# Task requirements
Would you restate the full listing word for word and omit its pictures?

# Data segment
=== Section Start ===

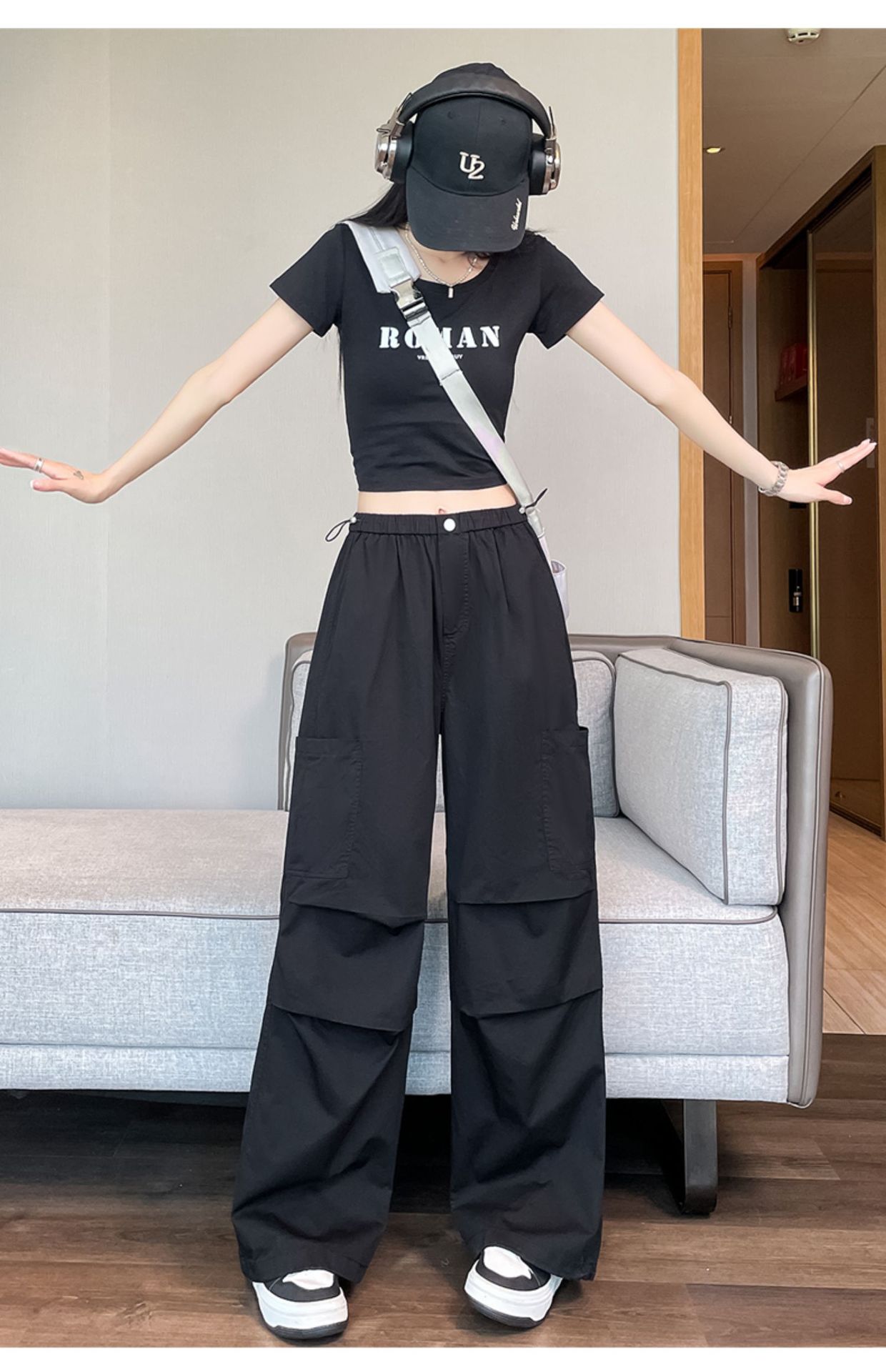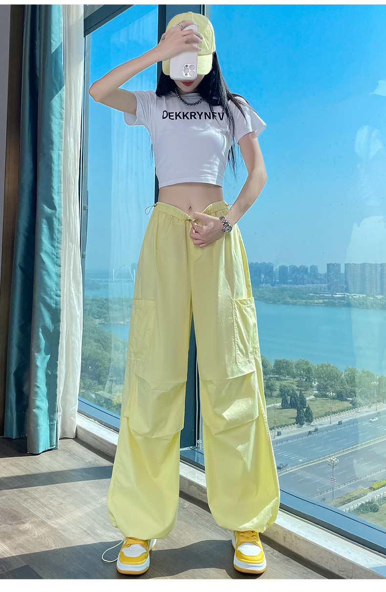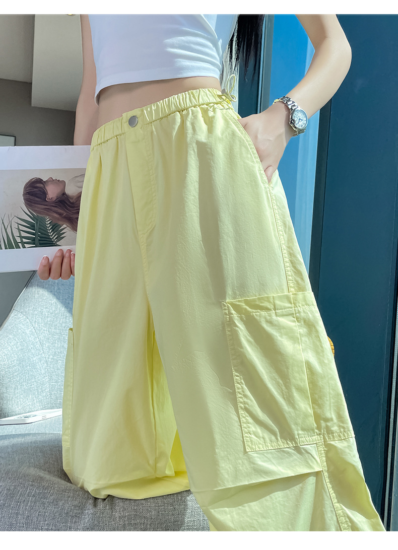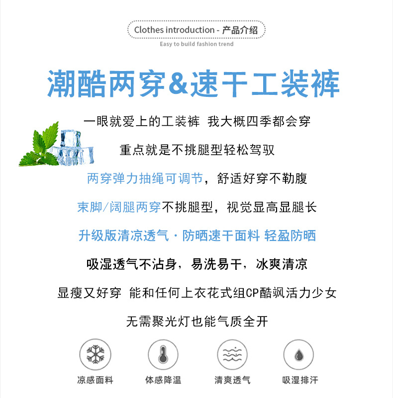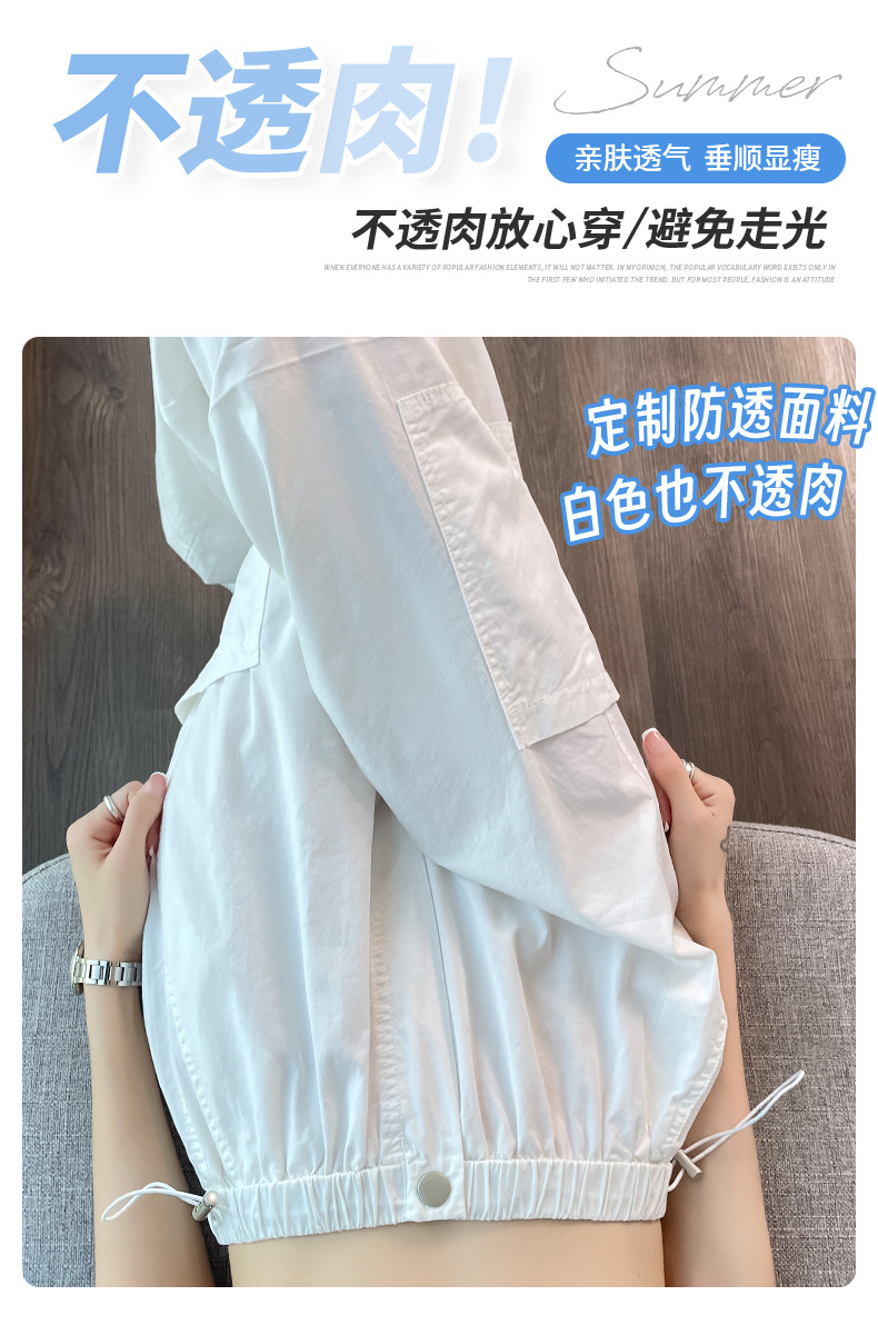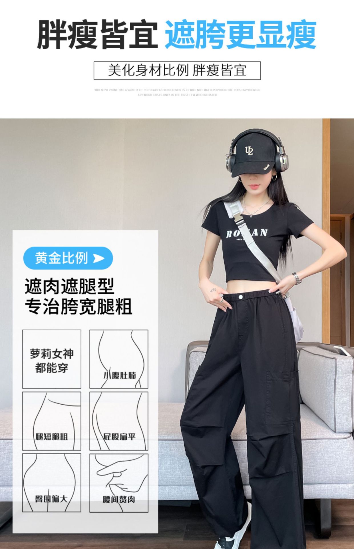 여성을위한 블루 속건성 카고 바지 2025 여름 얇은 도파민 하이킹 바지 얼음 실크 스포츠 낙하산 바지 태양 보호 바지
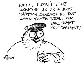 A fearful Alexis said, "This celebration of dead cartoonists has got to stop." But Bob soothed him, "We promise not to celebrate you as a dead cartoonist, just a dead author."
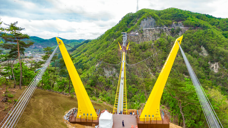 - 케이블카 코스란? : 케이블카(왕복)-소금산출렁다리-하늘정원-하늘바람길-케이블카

=== Section End ===

# Exercise answer
 여성을위한 블루 속건성 카고 바지 2025 여름 얇은 도파민 하이킹 바지 얼음 실크 스포츠 낙하산 바지 태양 보호 바지
 A fearful Alexis said, "This celebration of dead cartoonists has got to stop." But Bob soothed him, "We promise not to celebrate you as a dead cartoonist, just a dead author."
 - 케이블카 코스란? : 케이블카(왕복)-소금산출렁다리-하늘정원-하늘바람길-케이블카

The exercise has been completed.